[Grml] Re: nVidia in a boot anywhere system

Mark or2uvma02 at sneakemail.com
Wed Feb 1 21:38:11 CET 2006


> 
> No OS boots "any" PC ;-)

Of course, that's why I used "quotes."  Anyway, it should boot machines
that have nVidia and machines that don't.

> 
> > List exact steps to get nVidia support.  
> 
> Yes, Sir!
> 
> Some kind of politeness would increase our motivation significantly, at
> least mine.

I was not impolite; you read too much between the lines.  Please, I am
sincerely asking for help.  I love GRML and want to "do it right" so I
don't create a mess out of (my own) ignorance -- and then have to bother
GRML with senseless questions.  That is why I ask for exact steps.

nVidia support has been a troublesome Linux issue for a long time.  I am
not an expert, but I know that much about nVidia, which is why I ask
exactly how to do it in GRML before changing the user machines.  (They
complain a lot when things are not right, and I look bad, and GRML looks
bad to them.)

There is not a lot of traffic on the GRML mailing list.  Also, I do not
bother you with "how do I install GNOME?" and such questions.  I focus
on hardware/driver issues.  I do not feel bad asking about those, even
if the answer is "obvious" to you.


> Just give it a try.
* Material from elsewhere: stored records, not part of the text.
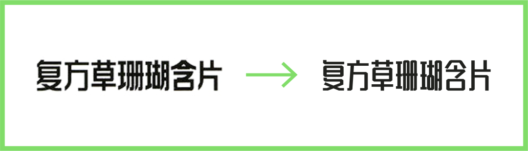 在包装的字体视觉资产策略上,我们保留了中文字体的整体感觉,在它的基础上,对于笔画、字体宽度及视觉整体等方面,进行了调整,调整后的中文字体与之前相比,不会感觉上偏差很大,反而更加规范和整体: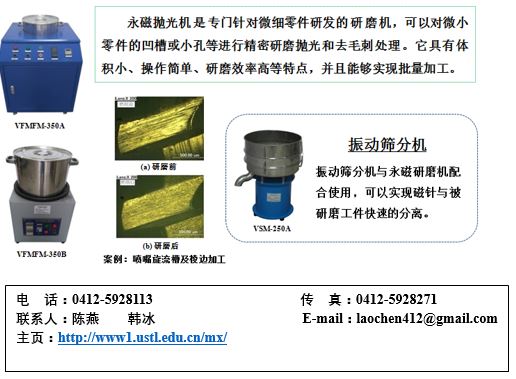 研制的磁性磨料有10種類型以上,可以適用不同的材料和加工精度要求,粒徑大小在20μm-1000μm范圍內。兼具磁性和研磨性,且研磨性能良好,使用壽命長。可適用于玻璃、輕質合金、鑄鐵、銅鋁合金、高碳鋼、合金鋼和軸承鋼系列材料。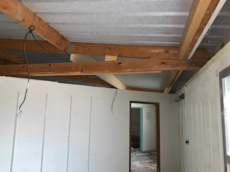 Description : Renforcement global de la charpente lamellé-collé : moisage, étrésillons, entrait retroussé, contrôle des flèches et reprise de charges sécurisée.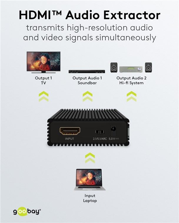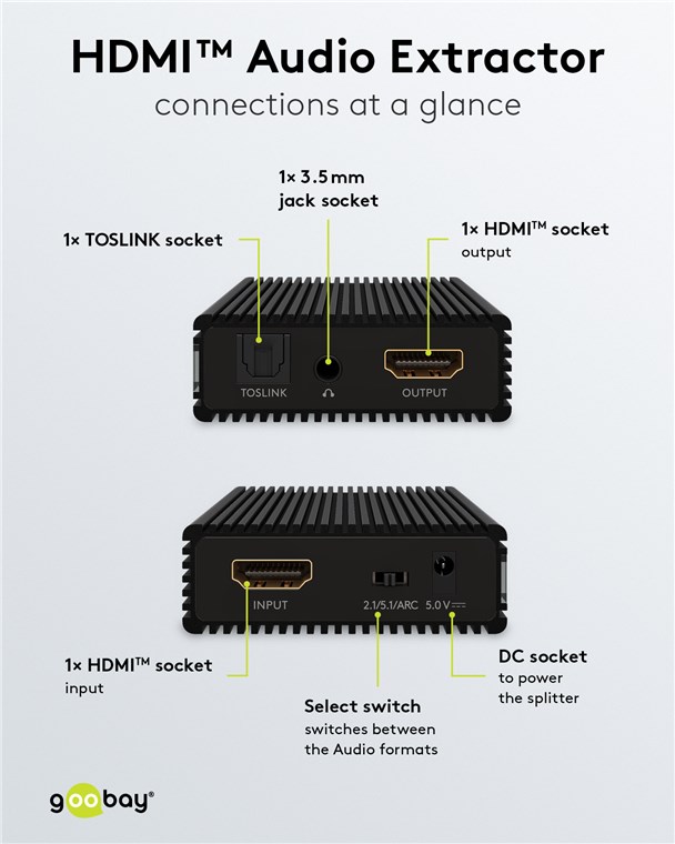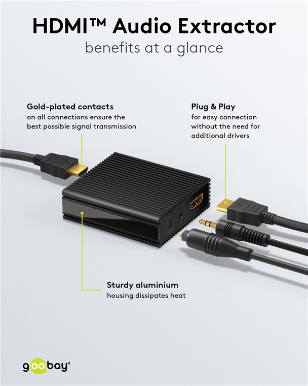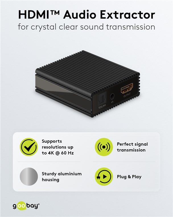 HDMI Audio Extractor bryter ut audiokomponenten från en HDMI-anslutning. Gör det möjligt att extrahera analog audio (3,5 mm) och/eller digital audio (Toslink) för anslutning till ett separat ljudsystem. Avsedd för installation i hemmabio- och multimediasystem där separata ljudutgångar saknas. Släpper även igenom audiosignalen opåverkad via HDMI-förbindelsen. Plug-and-play-funktionalitet, kräver ingen programvara. Levereras med nätadapter och manual.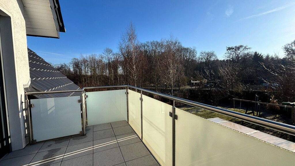 Die hochwertige Einbauküche von Schüller ist modern ausgestattet und verfügt unter anderem über einen Dampfgarer sowie eine neue Spülmaschine. Zwei komfortable Bäder bieten hohen Wohnkomfort. Im Erdgeschoss befindet sich ein barrierefreies Duschbad, im Dachgeschoss ein großzügiges Bad mit Badewanne und Dusche. Zwei Zimmer bieten Zugang zu einem großen sonnigen Balkon mit Blick ins Grüne.
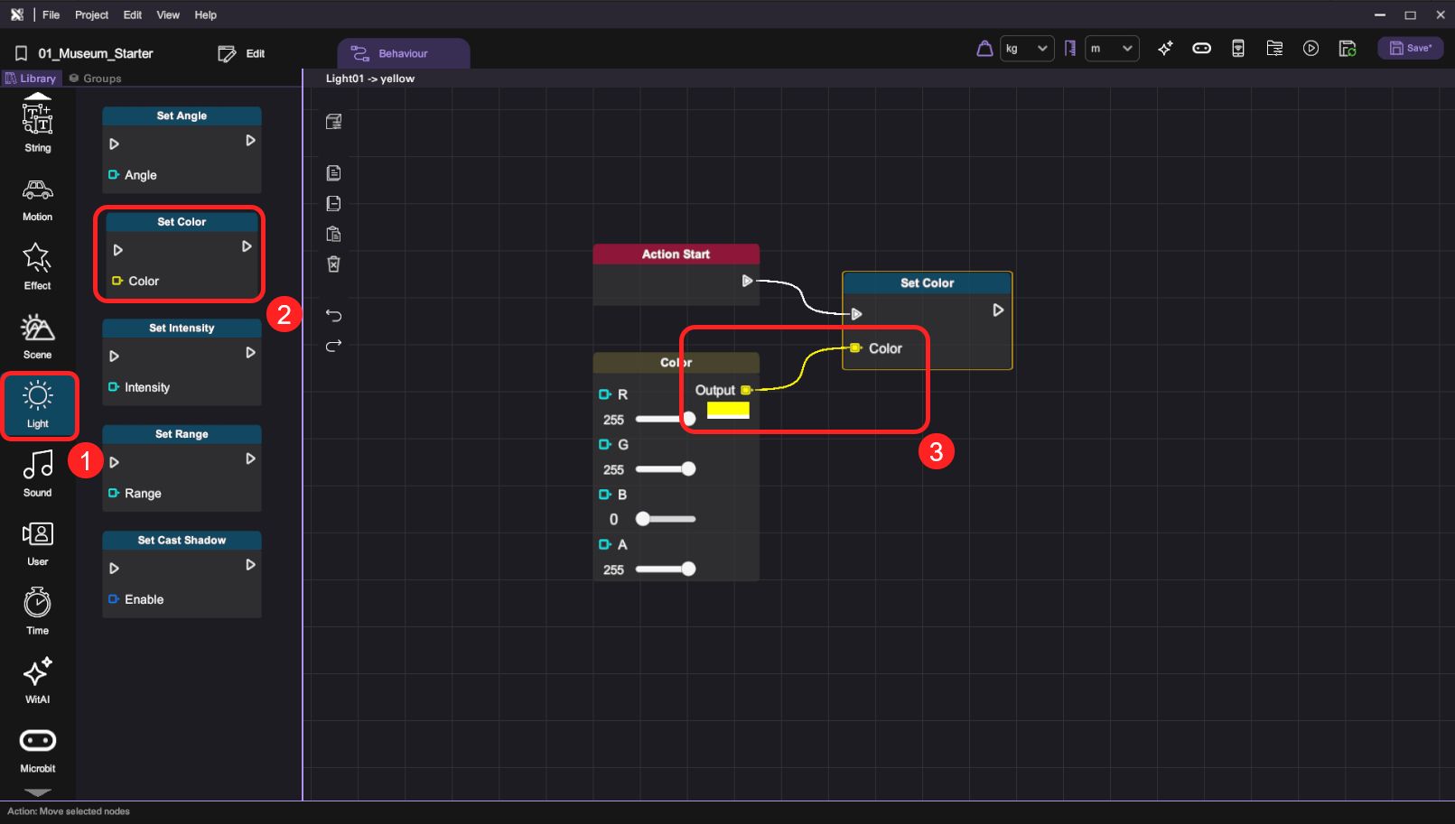 - Change to the "Light" category then drag and drop a "Set Color" block to the canvas. Connect the "Action Start" block's out flow node to the "Set Color" block's in flow node, then connect the "Color" block's "Output" node to the "Set Color" block's "Color" input node.

BTW: It's not a kernel replacement, just a kernel
> module.

There is a 1.4M file in GRML repository called
nvidia-kernel-2.6.15-grml_1.0.8178-1+grml.07_i386.deb 

The file does not say "module" anywhere, so the name confused me.  It
looks (to me) like a full kernel replacement.  Not saying it's wrong,
just explaining how I got that impression.

Thank you for the outstanding work on GRML 0.6 everyone.